I faithfully followed up with Dr. Watson at Tech Ridge Pet Hospital, stopping by to refill medications or to purchase Science Diet A/D food and Barleygreen in efforts to increase Lavy’s weight and appetite. Her numbers, though, were not improving. I was told to expect Lavy’s red blood count to decrease as she re-hydrated, but at her follow-up visit a week later, her count was at 10%–the absolute minimum to sustain life. Knowing that chances were not good but that she seemed to be rallying in response to treatment, we took her back home. The whole time, Dr. Watson (himself!) called every few days to check on her progress and to see if we needed any advice. We were very impressed with his far-above-professional interest in our little love.

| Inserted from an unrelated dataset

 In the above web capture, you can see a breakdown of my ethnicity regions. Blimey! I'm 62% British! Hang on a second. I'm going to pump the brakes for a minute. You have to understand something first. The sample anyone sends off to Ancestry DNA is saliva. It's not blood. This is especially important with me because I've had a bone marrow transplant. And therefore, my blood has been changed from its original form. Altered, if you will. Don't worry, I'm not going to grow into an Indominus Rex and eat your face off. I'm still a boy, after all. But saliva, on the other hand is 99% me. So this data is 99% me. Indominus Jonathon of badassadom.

For almost another week, she seemed to improve–two Saturdays ago, it was all we could do to keep her from jumping out of the box in which we were keeping her (Dr. Watson had urged us not to allow Lavy to jump or even to walk on her own–with so few cells to carry oxygen, any exhertion could kill her). The next day, Sunday, she wasn’t even able to stand. Still, she had recovered before from “bad days,” so we weren’t losing all hope yet.
This time, though, there was no rally. Lavy stayed the same until Wednesday night. Hubby and I were giving Lavy her medicine (mixed with A/D), but this time instead of fighting us with wriggling and paw escape attempts, she clamped her jaw shut tight. I got a little more of 3/4 of the mixture down her using a food syringe, but when I tried to administer the rest, Lavy looked at the two of us and plaintively meowed. Lavy NEVER meows. I looked at Hubby and said “I think she’s asking us to let her go.” He agreed.

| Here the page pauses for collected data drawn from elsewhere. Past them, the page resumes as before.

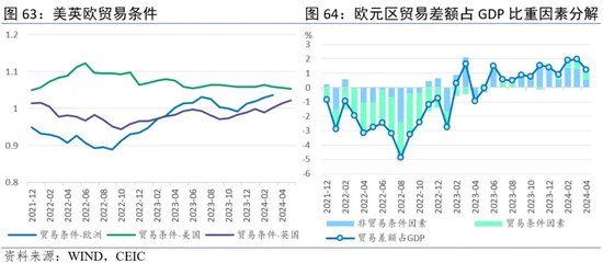 贸易条件保持恢复,但非贸易条件因素也保持增长。从出口价格指数/进口价格指数衡量的贸易条件指数来看,2023年12月以来欧元区贸易条件继续恢复,对贸易平衡保持正贡献。此外,非贸易条件因素也在保持增长,贡献超过了贸易条件因素,表明欧元区面对的外部需求切实得到了改善,这与今年以来全球贸易复苏趋势保持一致。
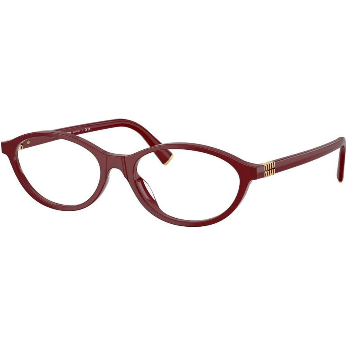 The Miu Miu MU09XVF optical frames are sophisticated, versatile and undeniably modern. Combining refined minimalism with a fashion-forward elegance, this petite oval silhouette delivers a confident aesthetic to everyday prescription eyewear. The rich burgundy colourway adds a vibrant colour pop to your look, while Miu Miu's signature vertical logo at the temples offers a subtle distinction of brand identity. Designed as an alternative fit, the MU09XVF ensures a comfortable fit for faces with high cheekbones and a narrow nose bridge.
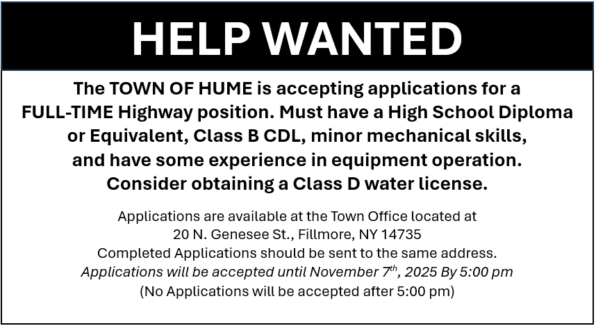 There is an open Teamsters Highway Position at the Town of Hume. See below for detail and information on how to apply!

Thursday morning, Lavy was too weak for any medicine and had no interest in food or water. She was held and loved all day. At 5:35 last Thursday, Lavy breathed her last. I called the clinic to say I was coming by with the body (as we have no where here to properly return her to the earth). How appropriate–again, we arrived 10 minutes before closing. Lavy was in a cloth-lined wicker basket that Hubby and I had bought several weeks ago in case she didn’t make it. Inside the basket, Lavy looked like one of those kitties sleeping in the smallest space into which they could fit–complete with tail across her face. It was a sweet-looking image.
I thought that would wrap things up until next year, when Baby Sally Semi-Meezer is due for her next annual shots and check-up. I was amazingly wrong. Today, in my mailbox was a card addressed to the family from Tech Ridge Pet Hospital.
“How sweet,” I thought, expecting a generic condolence card with the name of the practice neatly laser-jetted beneath the printed sentiment.
How incredibly wrong I was–fantastically, overwhelmingly wrong. Inside the card with the beautifully-silhouetted black-and-white photo of a cat, were HANDWRITTEN condolences from EVERY member of the staff, and an entire paragraph written by Dr. Watson himself to comfort us on our loss. Also enclosed was a card with Lavender’s name written in a gorgeous calligraphy and her two dainty pawprints. I have promised my daughter that I will frame the pawprints for her to keep always.
Every consumer expects customer service. Every business is exhorted (especially in these tough times) to give the customers more than they expect. The attention that Dr. Watson gave us, whom he didn’t know from Adam a month ago, goes indescribably above and beyond any definition of customer service and attention to detail.
This is beyond being a good businessman–this is being a wonderful human being. All I can do is tell everyone I can what a jewel is found at Tech Ridge Pet Hospital. This, Dr. Watson and staff, is for you. God bless each and every one of you–pressed down and running over.